Broadcasting Standards Authority

Agency overview
- Formed: 1 July 1989; 36 years ago
- Type: Crown entity
- Jurisdiction: New Zealand Government
- Headquarters: Level 2 119 Ghuznee Street Wellington, New Zealand 41°17′33″S 174°46′20″E﻿ / ﻿41.29250°S 174.77222°E
- Employees: 9
- Minister responsible: Hon Paul Goldsmith, Minister for Media and Communications;
- Agency executive: Susie Staley, Chairperson;
- Key document: Broadcasting Act 1989;
- Website: www.bsa.govt.nz

= Broadcasting Standards Authority =

Upholds standards for radio and TV in New Zealand

The Broadcasting Standards Authority (BSA; Te Mana Whanonga Kaipāho) is a New Zealand Crown entity created by the Broadcasting Act 1989 to develop and uphold standards of broadcasting for radio, free-to-air and pay television.

==Functions and mandate==
The main functions of the BSA are:

- Oversight and development of the broadcasting standards system
- Complaints determination
- Education and engagement

In June 2021, Minister of Internal Affairs Jan Tinetti announced a review of New Zealand's content regulatory system, saying the current system is confusing for content providers and consumers, with consumers having no single complaints process, and some content providers being regulated by multiple regimes. The review aims 'to design a modern, flexible and coherent regulatory framework' that will better protect New Zealanders from harmful or illegal content.

=== Standards ===
The current broadcasting standards codebook was released in July 2022 and applies to all broadcasters and broadcasts except election programming. The codebook contains eight standards:

- Offensive and disturbing content (standard 1): "Broadcast content should not seriously violate community standards of taste and decency or disproportionately offend or disturb the audience, taking into account the context of the programme and the wider context of the broadcast, and the information given by the broadcaster to enable the audience to exercise choice and control over their own, and children's, viewing or listening."
- Children's interests (standard 2): "Broadcasters should ensure children [under 14] can be protected from content that might adversely affect them."
- Promotion of illegal or antisocial behaviour (standard 3): "Broadcast content should not be likely to promote illegal or serious antisocial behaviour taking into account the context and the audience's ability to exercise choice and control."
- Discrimination and denigration (standard 4): "Broadcast content should not encourage discrimination against, or denigration of, any section of the community on account of sex, sexual orientation, race, age, disability, occupational status or as a consequence of legitimate expression of religion, culture or political belief."
- Balance (standard 5): "When controversial issues of public importance are discussed in news, current affairs or factual programmes, broadcasters should make reasonable efforts, or give reasonable opportunities, to present significant viewpoints either in the same broadcast or in other broadcasts within the period of current interest unless the audience can reasonably be expected to be aware of significant viewpoints from other media coverage."
- Accuracy (standard 6): "Broadcasters should make reasonable efforts to ensure news, current affairs and factual content is accurate in relation to all material points of fact and does not materially mislead the audience (give a wrong idea or impression of the facts). In the event a material error of fact has occurred, broadcasters should correct it within a reasonable period after they have been put on notice."
- Privacy (standard 7): "Broadcasters should maintain standards consistent with the privacy of the individual."
- Fairness (standard 8): "Broadcasters should deal fairly with any individual or organisation taking part or referred to in a broadcast."

=== Complaints ===
Except for complaints concerning election programming or solely related to privacy, complaints about broadcasting standards must first be made to the broadcaster. The complainant has 20 working days from the date of the original broadcast to submit a written formal complaint to the broadcaster, specifying the programme name, channel, date and time of broadcast, and the standard(s) believed to have been breached. The broadcaster must respond within 20 working days, or within 40 working days if an extension is requested.

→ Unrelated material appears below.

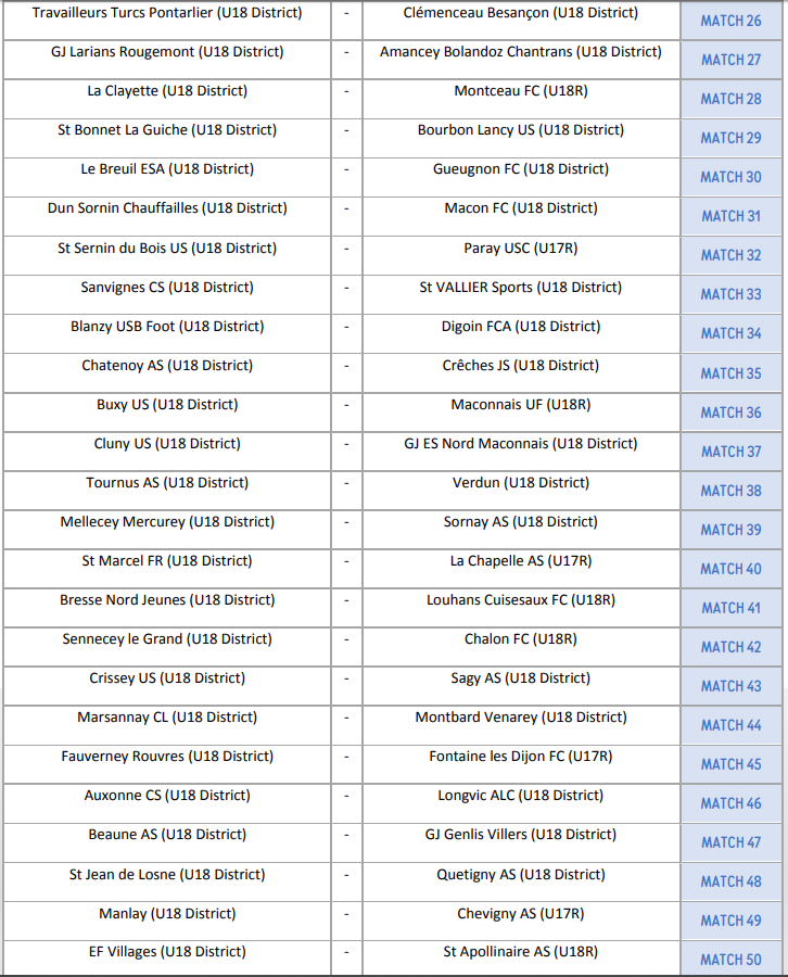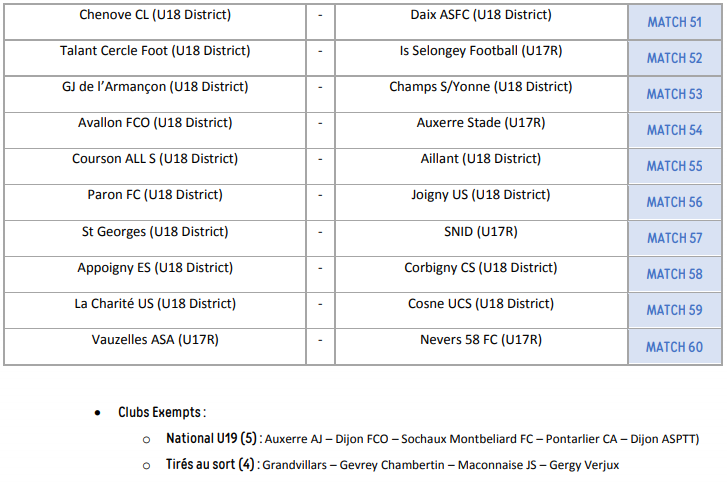 Au même titre que pour sa grande soeur Dame Coupe de France, le tirage au sort du premier tour de la coupe Gambardella était attendu. En effet, après les calendriers en championnat, les clubs savent désormais quel sera leur premier adversaire cette saison. Rappelons par ailleurs que cette compétition concerne la catégorie U18. En outre, sont exemptés, les clubs évoluant en championnat U19 National. Mais aussi, quatre équipes tirés au sort, à savoir Gergy, JS Mâconnaise, Grandvillars et Gevrey Chambertin.

If the complainant is dissatisfied with the broadcaster's response, or receives no response within the required timeframe, the complaint may then be referred to the BSA. The BSA may uphold, not uphold, or decline to determine the complaint. If a breach is found, the BSA has the authority to order remedies such as broadcasting a statement, awarding costs to the Crown or the complainant, suspending advertising, or, in serious cases, prohibiting broadcasts for up to 24 hours. In rare cases, the BSA may also award costs against the complainant in favour of the broadcaster, particularly where a complainant files repeat frivolous, trivial, or vexatious complaints.

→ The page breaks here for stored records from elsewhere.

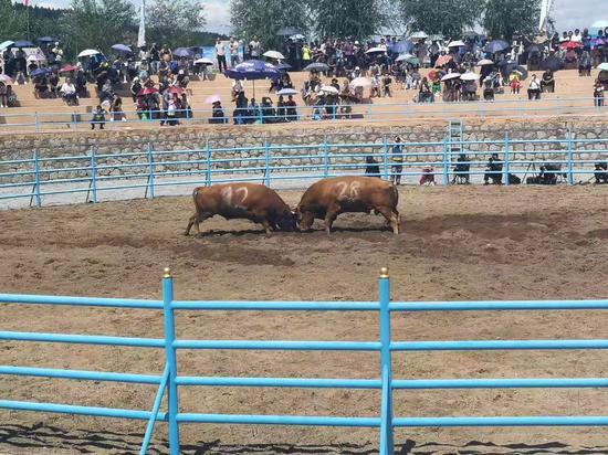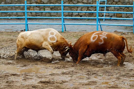 经过了两天的比赛,在17日的决赛中,精彩的场景让观众热情高涨,斗牛场立即热闹起来。参加比赛的斗牛有的昂首挺胸,迈着粗壮的腿脚,毫不畏惧地跟随主人走进赛场,不等裁判哨响,便低头向对手冲去,两只庞然大物头角相撞,砰砰作响。一时间,场内尘土飞扬,精彩无比!
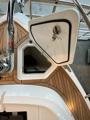Belysning under flybridgekonsolen, extra däcksbelysning till flybridge, sidodäck och fördäck (totalt 8), pop-up lampa vid främre flybridgesoffa"
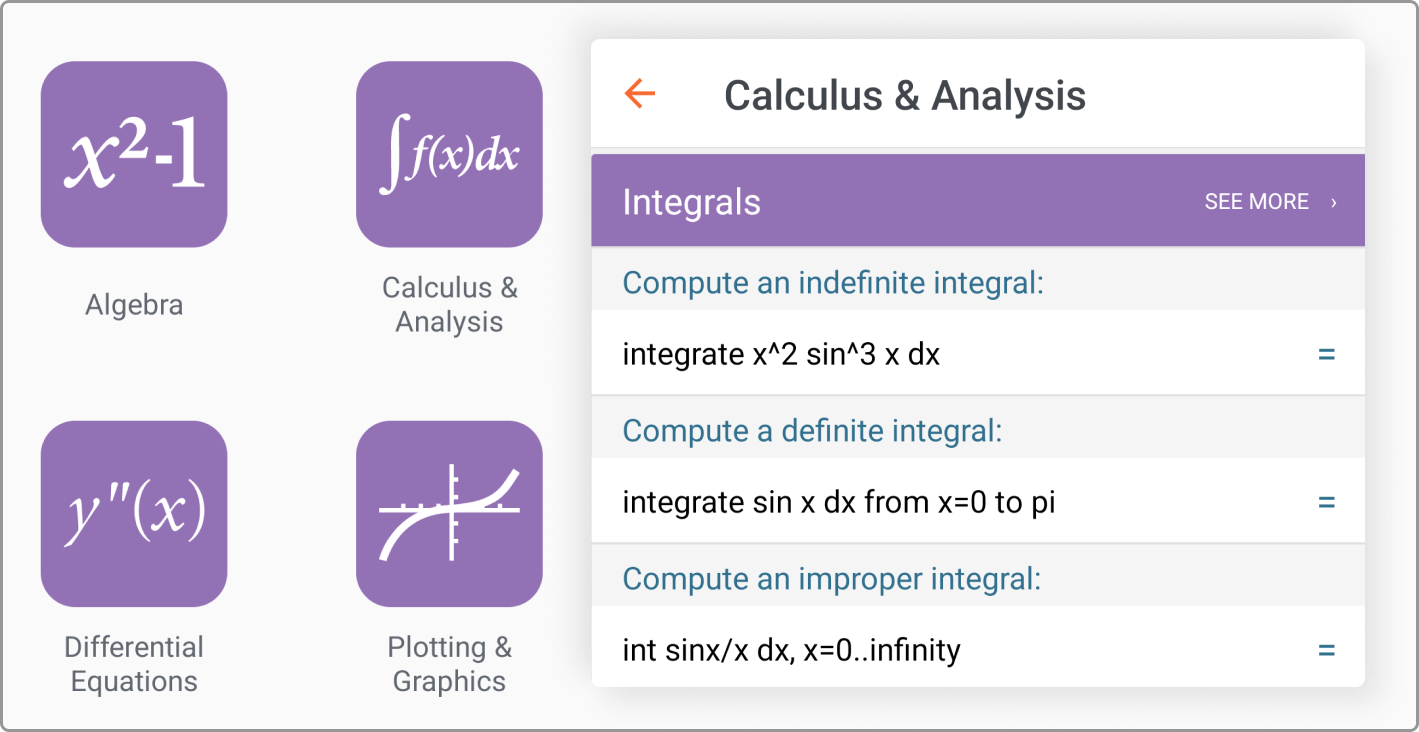 Explore Examples across Thousands of DomainsWith its simple interface, the Wolfram|Alpha app lets you instantly compute answers to questions across thousands of domains—from finance and food to math and medicine to stocks and spacecraft to wordplay and weather...
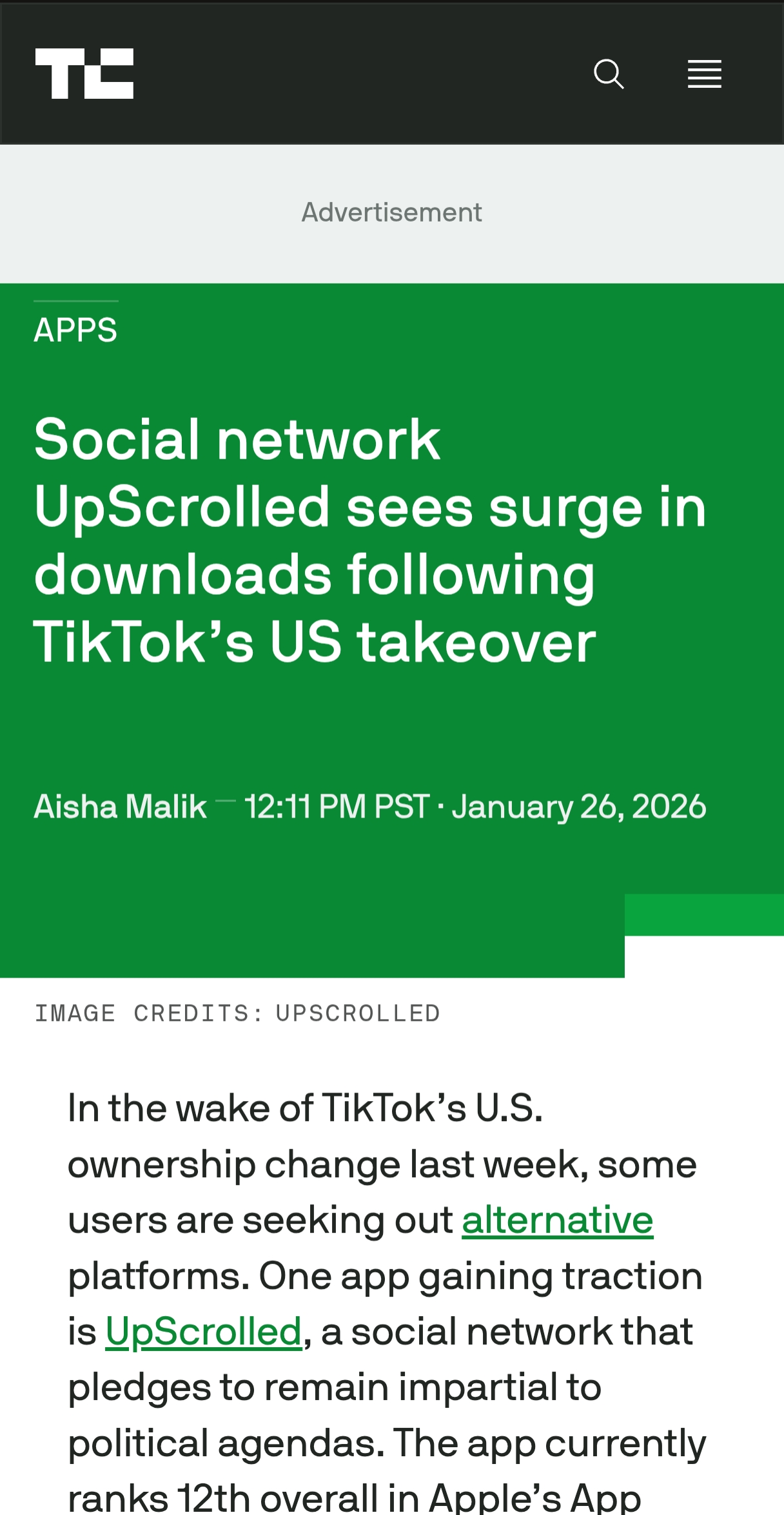 >>527161190upscrolled existshttps://techcrunch.com/2026/01/26/social-network-upscrolled-sees-surge-in-downloads-following-tiktoks-us-takeover/

Decisions of the BSA may be appealed to the High Court within one month of the decision's release.

==Leadership and structure==
The BSA is made up of a board appointed for a fixed term by the Governor-General on the advice of the Minister of Broadcasting and Media, meaning that practically the Minister (and Cabinet) appoint the board. The chair is always a barrister or solicitor. One member is appointed after consultation with broadcasters and one after consultation with public interest groups.

Current members of the board including chair Susie Staley MNZM, Pulotu Tupe Solomon-Tanoa'i, John Gillespie and Aroha Beck.

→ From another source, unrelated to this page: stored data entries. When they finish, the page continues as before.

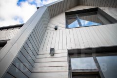 • Современный фасад с подсветкой, отделкой планкеном из лиственницы и клинкерным кирпичом
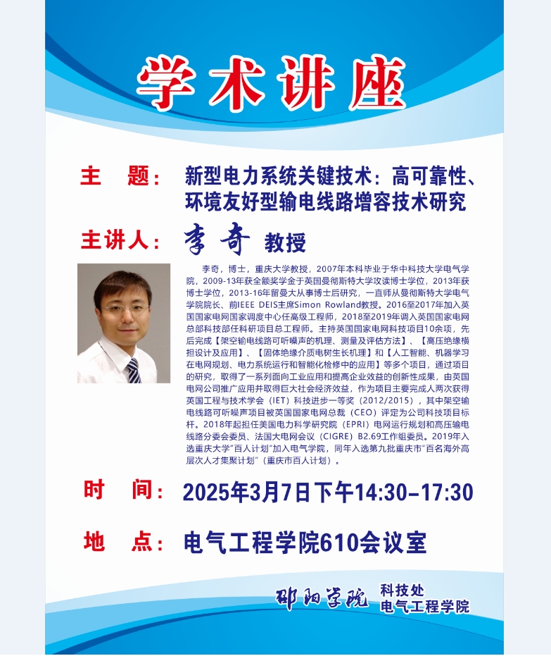 李奇:新型电力系统关键技术:高可靠性、环境友好型输电线路增容技术研究
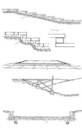 A retaining wall with an earthen bank behind has to carry a very heavy loading. Simple walls of blocks are not able to withstand the pressure and may collapse, or be overturned. The design of these walls involves calculations of the amount and type of steel reinforcements.
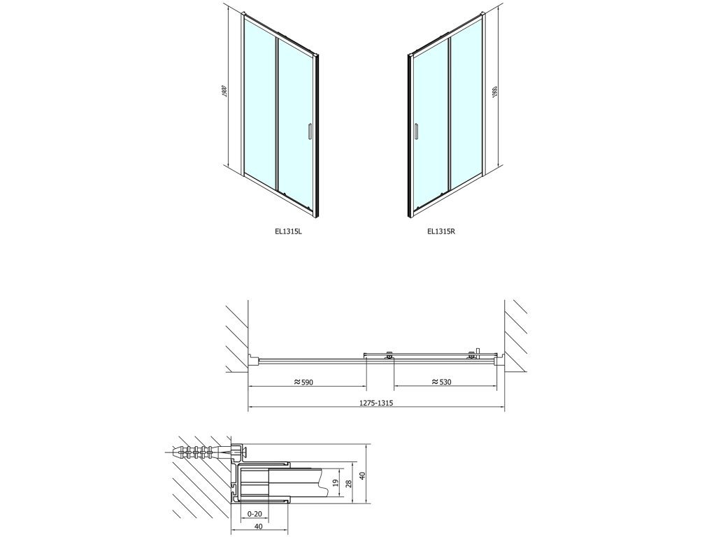 - Instalační rozměr dveří do niky lze díky rozšiřovacímu profilu EL825 zvětšit o 25 mm na každou stranu, celkem o 50 mm
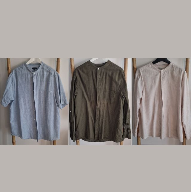 (XL) 3 CAMISAS LINO CUELLO MAO AZUL, VERDE Y BEIGE
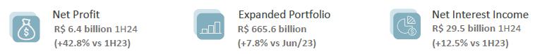 We consolidated our strategy with a good performance this semester. We highlight the good performance in volumes, based on liabilities, the expansion of our funding plan, in addition to the gradual resumption of business dynamics, which drives portfolio growth, benefiting the margin with a positive outlook for the year. We also observed more favorable performance in commissions, reinforcing the diversification of our portfolio. We maintained the good quality of our credit portfolio, which reinforces a positive trajectory for 2024, with controlled default rates. In the efficiency dimension, we will further consolidate our productivity culture. With this, we are building a solid, long-lasting portfolio with the capacity to generate sustainable results.
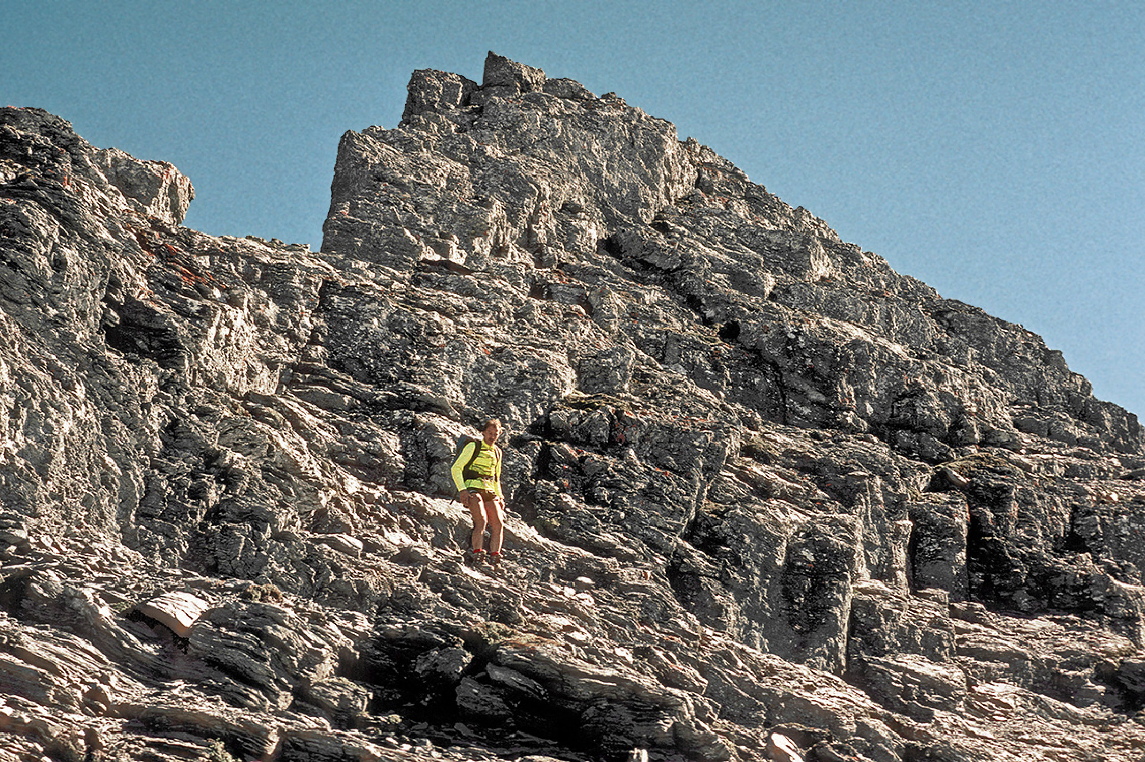 Schwierigkeit: T5, weglos, brüchige Schrofen, leichte Kletterei.
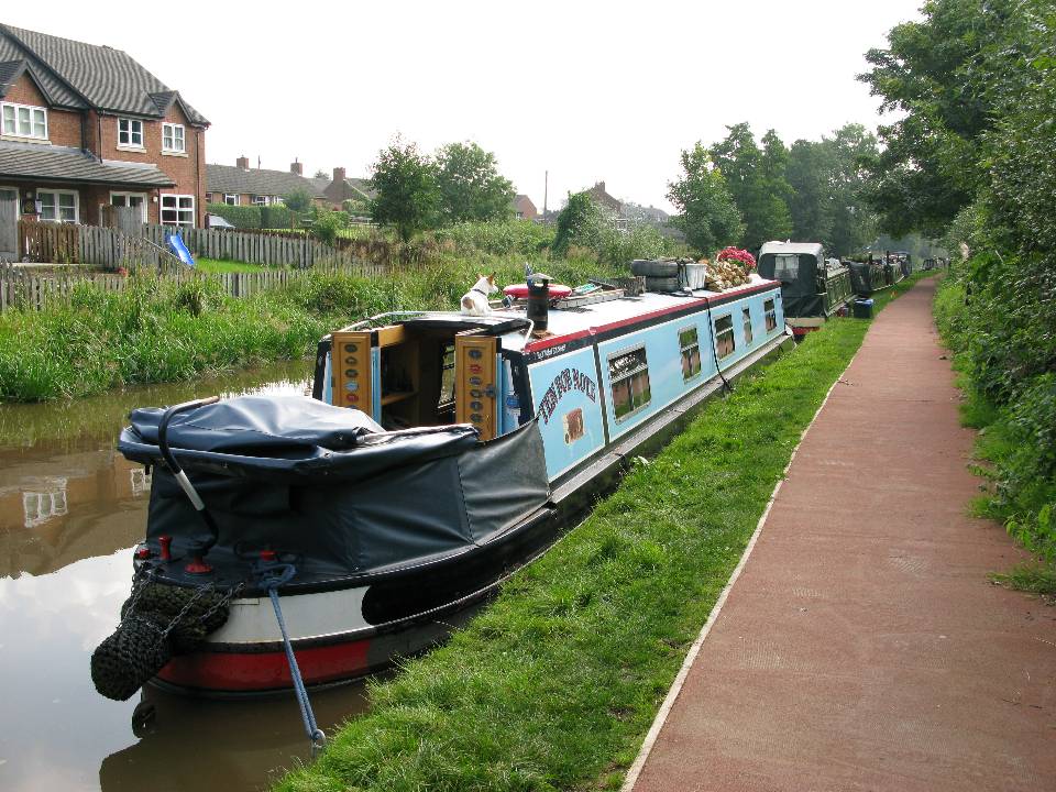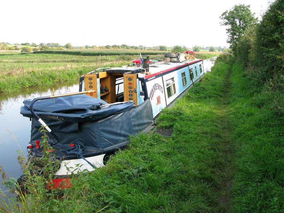 Thursday 18th September 2008 Location: Aston Lock, Staffordshire, Trent and Mersey Canal Today: 4 miles, 5 locks. Total distance: 1713 miles. Total locks: 1216 A late start by our standards, we pulled the pins at 09:00. We wanted to arrive at Stone mid/late morning to stand some chance of finding a spot to moor for the night. Before setting off, we phoned around looking for the best price for diesel in the area as we were getting low. Canal Cruising at Stone was best at 79p per litre. Stone Boatbuilding, two hundred yards away from Canal Cruising were asking 83p per litre – makes you wonder how they can sell the stuff at that price when boaters only have to travel a little way further to save 4p per litre. Filled up with 142 litres which should last us for a little while. We found a spot to moor just below the bottom lock, a boat was taking off just as we arrived. It’s always very busy around Stone. Had lunch then walked up the main street and picked up some sausages and bacon at the local butcher. On returning to the boat, we found boats breasting up and the tow path was even busier than it was earlier. We decided we wanted a bit of peace and quiet so pulled the pins and headed off looking for some nice countryside. Just as we were moving off, a boat arrived and was ecstatic to be able to jump into the spot we had just vacated. We travelled on for another couple of miles and found a lovely peaceful mooring spot about half a mile south of Aston Lock. Towns are not for us. Current Mooring

==Planned disestablishment==
On 6 May 2026, the Minister for Media and Communications Paul Goldsmith confirmed that the New Zealand Government would introduce legislation to disestablish Broadcasting Standards Authority (BSA). He confirmed that the New Zealand Media Council would assume its broadcasting regulatory functions and responsibilities, with the goal of the media sector becoming "self-regulatory." Goldsmith had previously hinted that that the Government was seeking to abolish the BSA in response to the regulator claiming oversight over online radio station The Platform and its co-founder Sean Plunket in late March 2026. In response, the BSA's chief executive Stacey Wood said that the Broadcasting Act 1989 was "no longer fit for purpose" due to advances in Internet and social media and said that the BSA would "assist with the transition to the new arrangement." The Media Council's chair Brook Cameron said the organisation would engage with the governments on their future plans for the BSA.

Plunket, who had been the subject of the BSA investigation, welcomed the decision as "good news for freedom of speech and New Zealanders." While New Zealand First leader Winston Peters and ACT Member of Parliament Laura McClure have advocated the abolition of the BSA, former BSA member Pulotu Tupe Solomon-Tanoa'i and Victoria University of Wellington media and film associate professor Peter Thompson expressed concern that abolishing the broadcasting regulator would remove a mechanism for the public to hold broadcasters accountable and counter negative racist stereotypes about Māori, Pasifika and other ethnic minorities, and would lead to declining standards of balance, fairness and accuracy in the media.